District Court, S. D. New York.

Feb., 1849.

PRACTICE IN ADMIRALTY—REVIVAL OF SUIT BY ADMINISTRATRIX—COSTS.

1. Three causes brought, on the same facts, by different libellants, being at issue, it was stipulated that two should abide the decision of the third. Before the third was brought to hearing, the libellant died; and his adminstratrix continued the cause. A decree was rendered in favor of the claimants; but without costs, for the reason that the action was prosecuted by an administratrix.

2. Held, that in the other causes, the claimants were entitled to decrees dismissing the libels, with costs.

In admiralty. Three libels in rem were filed against the steamboat Buffalo, to recover damages sustained through a collision between that boat and the schooner Mary, resulting in the total loss of the latter, with her cargo.

One of these libels was filed by Hugh Crawford, owner of the schooner, to recover for her loss. The second was filed by Eli Kellum, master of the schooner, to recover for loss of freight, clothing, provisions, cabin furniture, &c. The third was filed by William and Anson Gray, to recover the value of a cargo of coal owned by them, and lost with the schooner. The libels were filed July 23, 1847; and separate answers were put in on the 16th of August following. On the 1st. of December thereafter, a stipulation was entered into between the proctors of the respective parties, by which it was agreed that the suit brought by Crawford, the owner of the schooner, should be first brought to trial; and that the decision of the other two causes should depend upon the event of that, except as to the amount of damages. Crawford died before the hearing in his cause; but the suit was continued by his administratrix, and brought to final hearing on pleadings, proofs, and arguments; and on January 2, 1849, a decree was rendered dismissing the libel without costs to either party. [Case No. 3365a.] In the opinion pronounced by the court, it was declared that the allegations of the libel, charging fault upon the steamboat, were disproved; but the court stated that in the exercise of its discretion as to costs, they would not be charged upon the libellant, the action being then prosecuted in the name of an administratrix. The claimants now moved for an order that they have leave to enter a decree for costs against the libellants in the other two causes. This was opposed, on the ground that under the stipulation of December 1, 1847, the same decree must be entered in each of the other writs as was entered in that of Crawford.

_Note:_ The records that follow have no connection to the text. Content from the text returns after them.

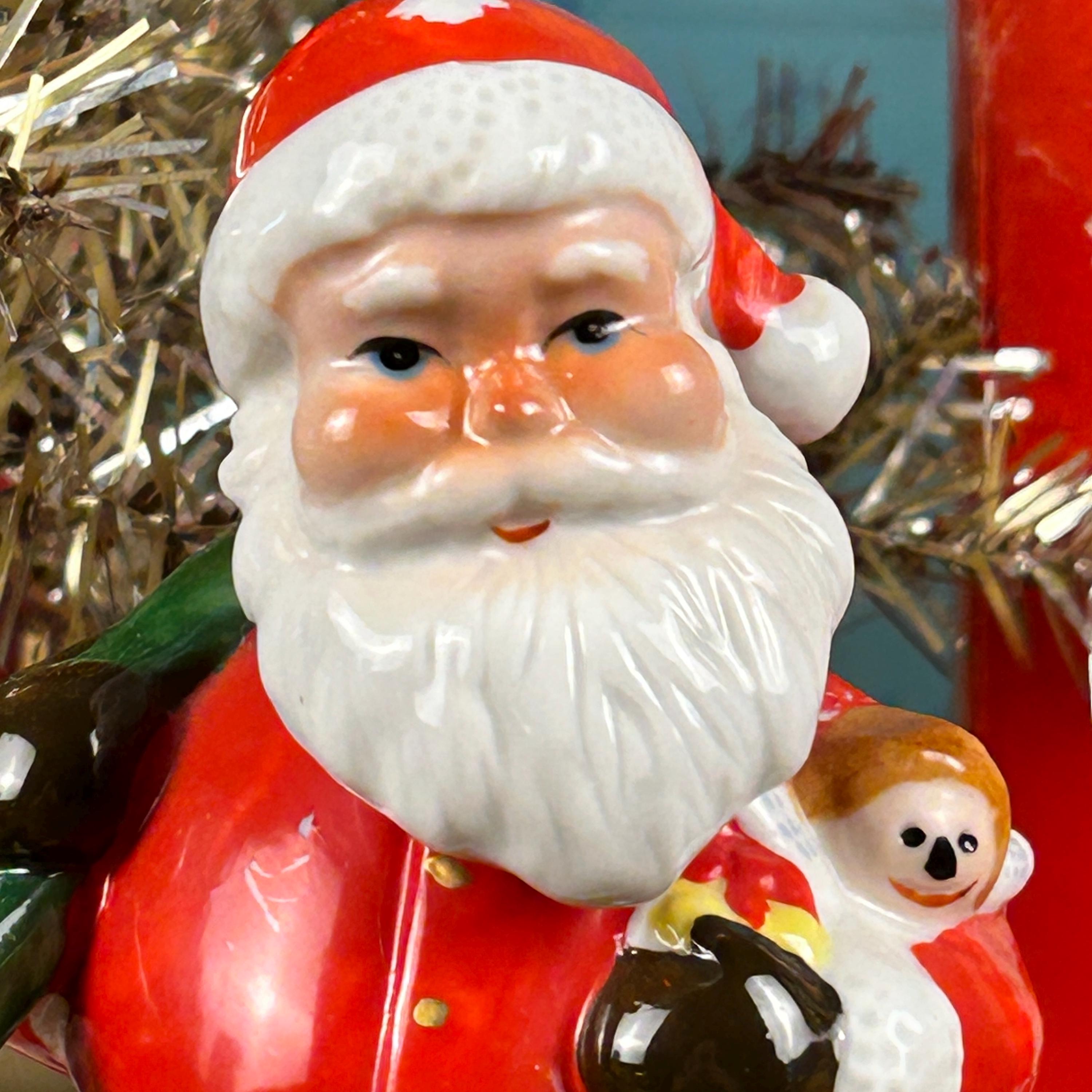 He carries a doll and a bag of toys on his back with presents at his feet. Standing ona. base with holly leaves and red ribbons, he is a Christmas delight!
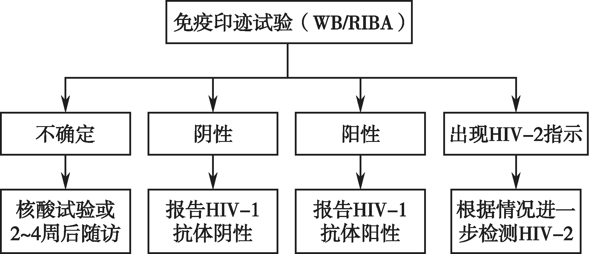 有HIV-1/2混合型和单一的HIV-1或HIV-2型。先用HIV-1/2混合型试剂进行检测,如果呈阴性反应,则报告HIV抗体阴性;如果HIV-1条带呈阳性反应,则报告HIV-1抗体阳性;如果不满足阳性标准,则判为HIV抗体检测结果不确定。如果出现HIV-2型的特异性指示条带,需用HIV-2型免疫印迹试剂再做HIV-2的抗体确证实验。呈阴性反应,报告HIV-2抗体阴性;呈阳性反应则报告HIV-2抗体血清学阳性(图1-4)。符合HIV抗体不确定判断标准,报告“HIV抗体不确定(±)”,在备注中应注明等待“4周后复检”。
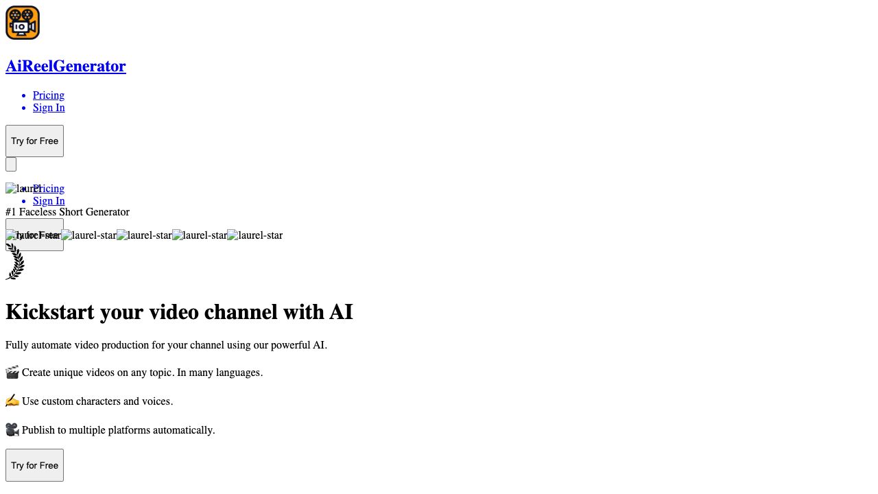 AiReelGenerator.com is a cutting-edge app that fully automates the creation of faceless videos. Simply choose a topic, and the AI will generate and upload new videos to your Youtube, TikTok, Instagram, or Facebook account every day. It allows users to kickstart their video channels with AI, create unique videos on any topic in many languages, use custom characters and voices, and publish to multiple platforms automatically.
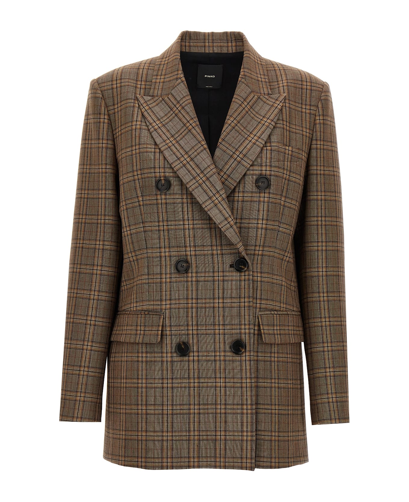 'New Guinea' double-breasted blazer in wool blend with check print, button closure, peak lapels, long sleeves, pockets, padded shoulders, lining.
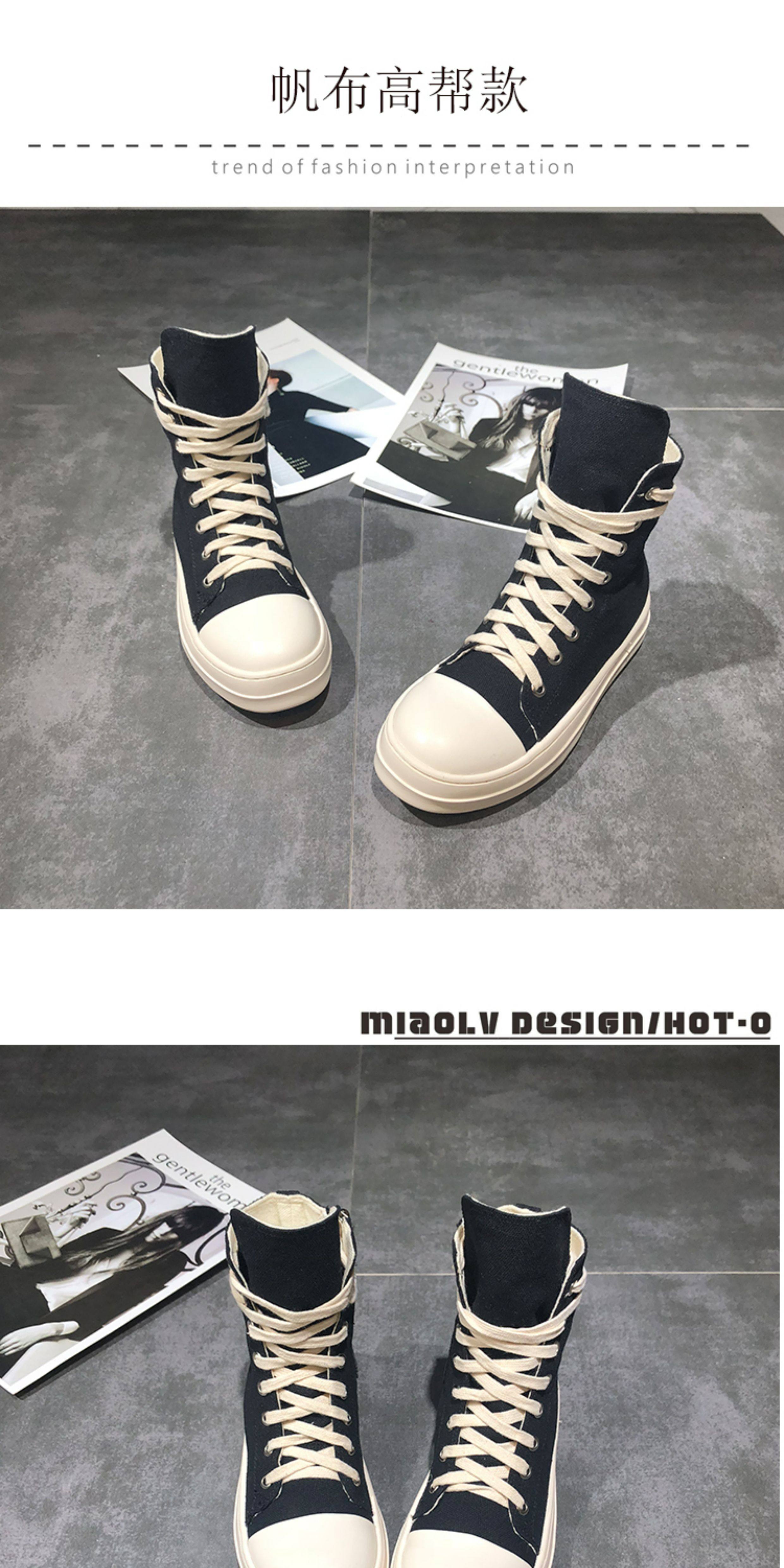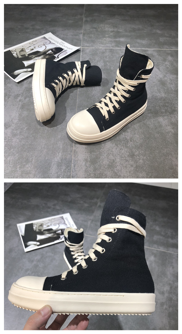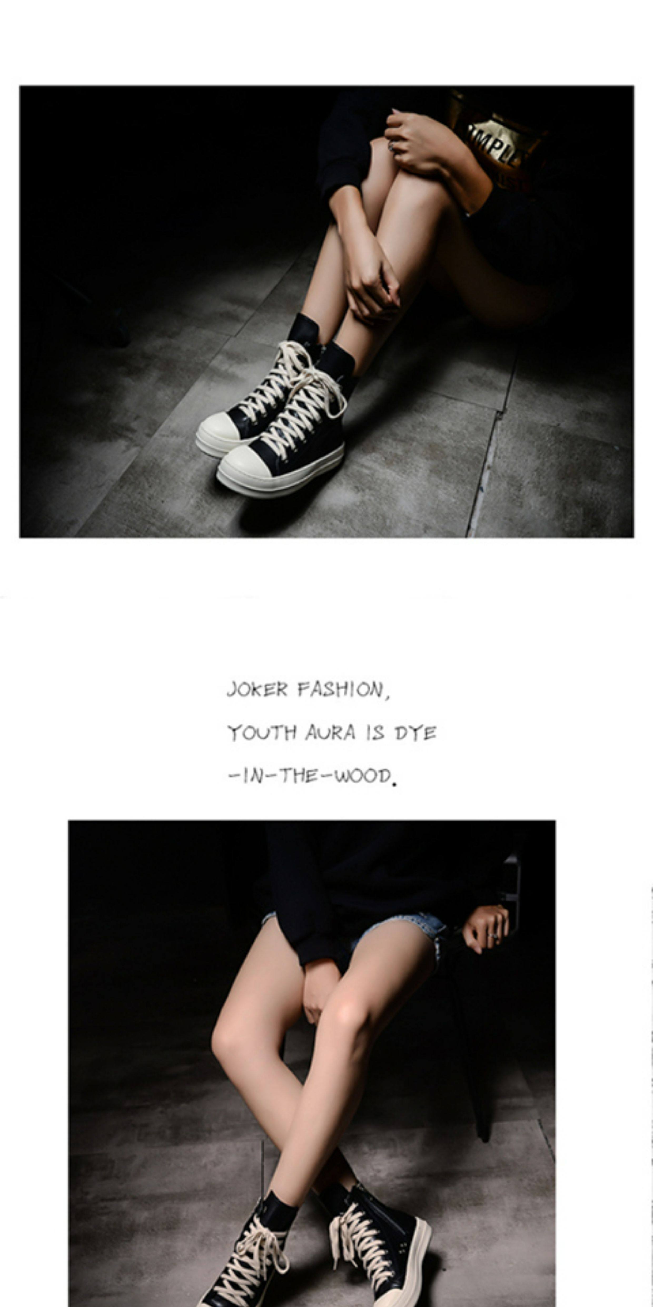 ins Super Popular Ro High-Top Shoes for Women, Autumn Canvas Thick-Soled Lace-Up Genuine Leather Versatile Couple's Sports Sneakers, Dad Shoes

Albert Matthews, for the motion.

Edwin Burr, opposed.

BETTS, District Judge. As a general rule, costs in admiralty follow the event of the cause. The rule is only deviated from under equitable considerations presenting a reasonable ground for exempting the unsuccessful party from its operation. In the case before the court, the circumstance that the libellant acted in a representative capacity, and was not pursuing a personal interest, was regarded as raising an equity in her favor to be relieved from costs. In many instances the privilege of exemption from costs is secured to executors and administrators, and in chancery it is the usual course to discharge them of costs, when they act bona fide and upon fair color of right; although the court, in the exercise of its general jurisdiction, may impose costs on the estate represented.

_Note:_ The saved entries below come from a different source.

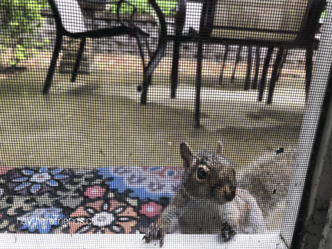 But this is how my day started. Last night, I’d swept all of the bird seed off the patio. I replaced it this morning, but not before catching some attitude from this guy who was anxious for chow time.
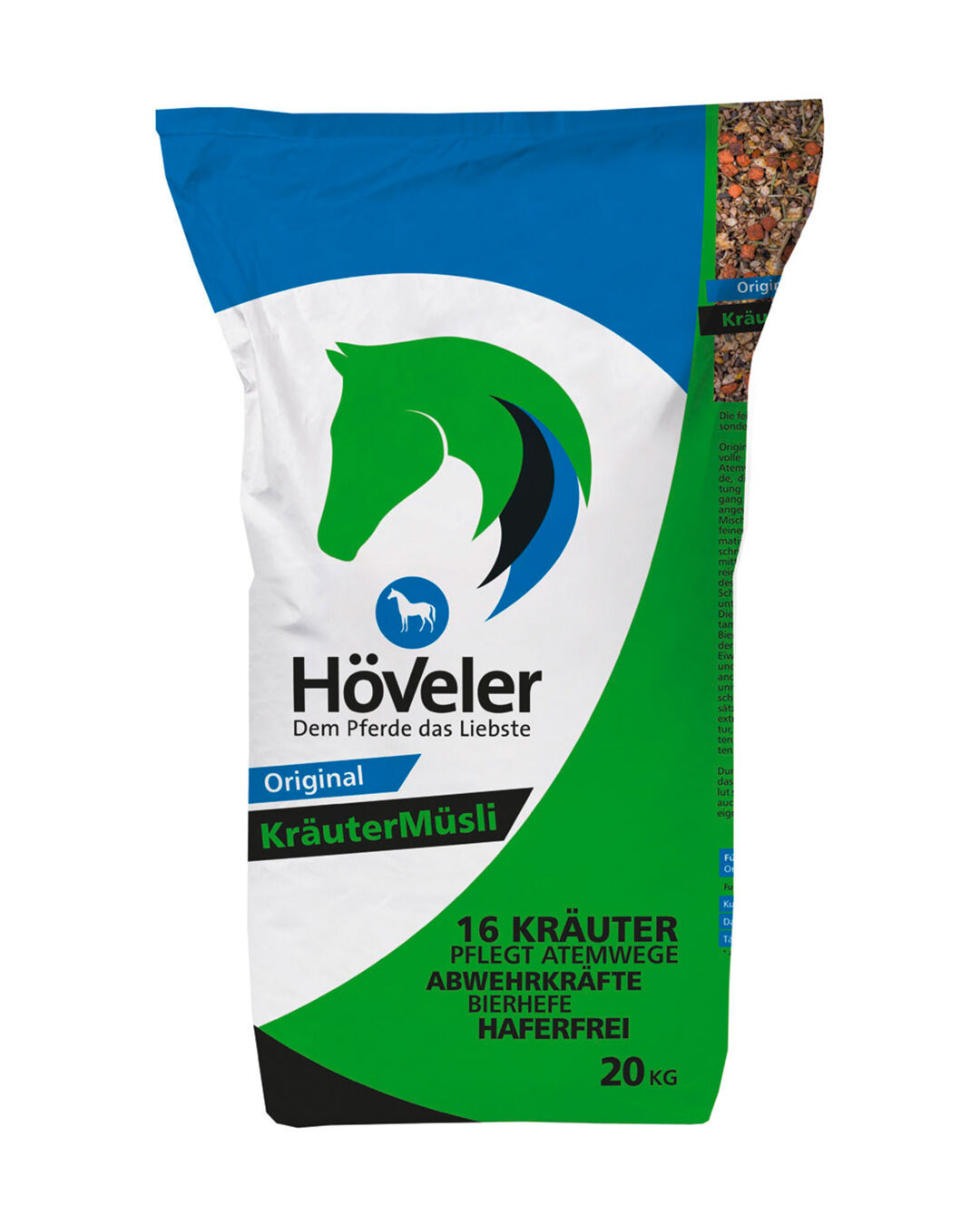 Die feine Mischung macht das Original Höveler KräuterMüsli so besonders. Es ist eine sinnvolle Ergänzung für Pferde mit empfindlichen Atemwegen sowie für Pferde, die ausschließlich auf Stallhaltung oder gelegentlichen Weidegang auf kräuterarmen Weiden angewiesen sind.
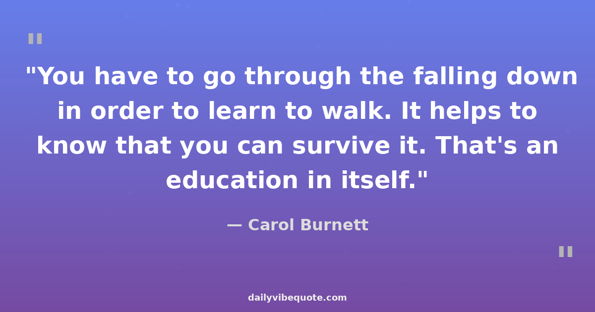 "You have to go through the falling down in order to learn to walk. It helps to know that you can survive it. That's an education in itself."
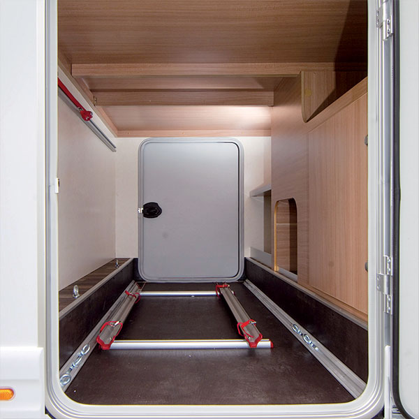 Garage Pack è un sistema modulare semplice e flessibile per riporre le bici nel gavone del camper.
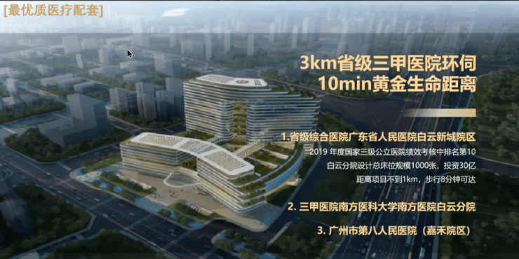 3公里,三甲医院环伺,广东省人民医院(白云新城院区)、南方医科大学南方医院、第八人民医院(嘉禾院区)等三甲医院
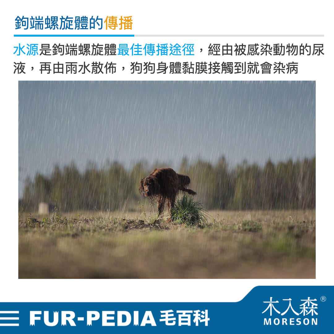 鉤端螺旋體對狗狗來說如同「雨夜殺手」、「水怪」,那是因為水源是它的最佳傳播途徑。當鉤端螺旋體寄生於老鼠或野狗,他們的尿液會充滿此細菌,再傳播至環境中的土壤、植物與水源,尤其颱風、大雨過後,這些細菌更藉由雨水蔓延至各種水坑與環境中,長達數月之久,一旦我們的狗狗外出遊玩、散步,眼睛、鼻子、嘴巴或傷口碰到了這些水源,就會感染鉤端螺旋體。
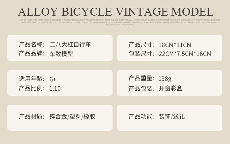 三八大杠自行车模型儿童玩具微缩怀旧单车8070后杠自行车模型
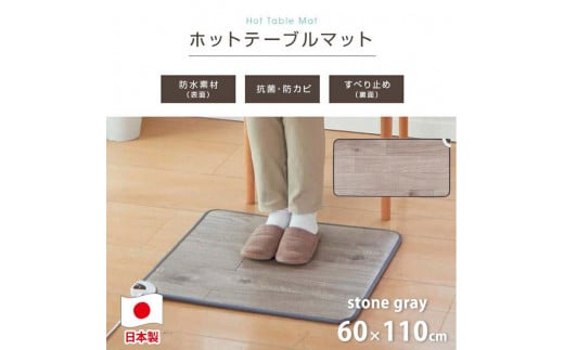 【60×110cm】暖か・節電ホットテーブルマット(ストーングレー)×1枚

Admiralty courts do not look beyond the actors in the cause; and as they cannot decree costs to be paid out of the estate in behalf of which an administrator sues, it may be at least questionable whether they can shape their process so as to reach the assets of such estate by a decree against the representative. These considerations might induce the court to withhold an award of costs against an administrator, when on the merits of the case the opposite party would be entitled to them. So in respect to these very parties; the merits of their respective cases may rest upon a common right, yet there be great diversity as to their title to costs. The conduct of the owner in discarding fair offers for settlement, or otherwise, might deprive him of his equity to costs in the case, when the decree was in his favor on the merits in litigation. I think, therefore, that the stipulation is not to be construed as relating to the costs of suit; but that “the decision of the cause,” by which the parties are bound to abide, is the determination of the contested questions involved in the issue. I therefore hold, that in the two causes now brought before the court, the claimants are entitled to have decrees entered, dismissing the libels, with costs to be taxed. Order accordingly.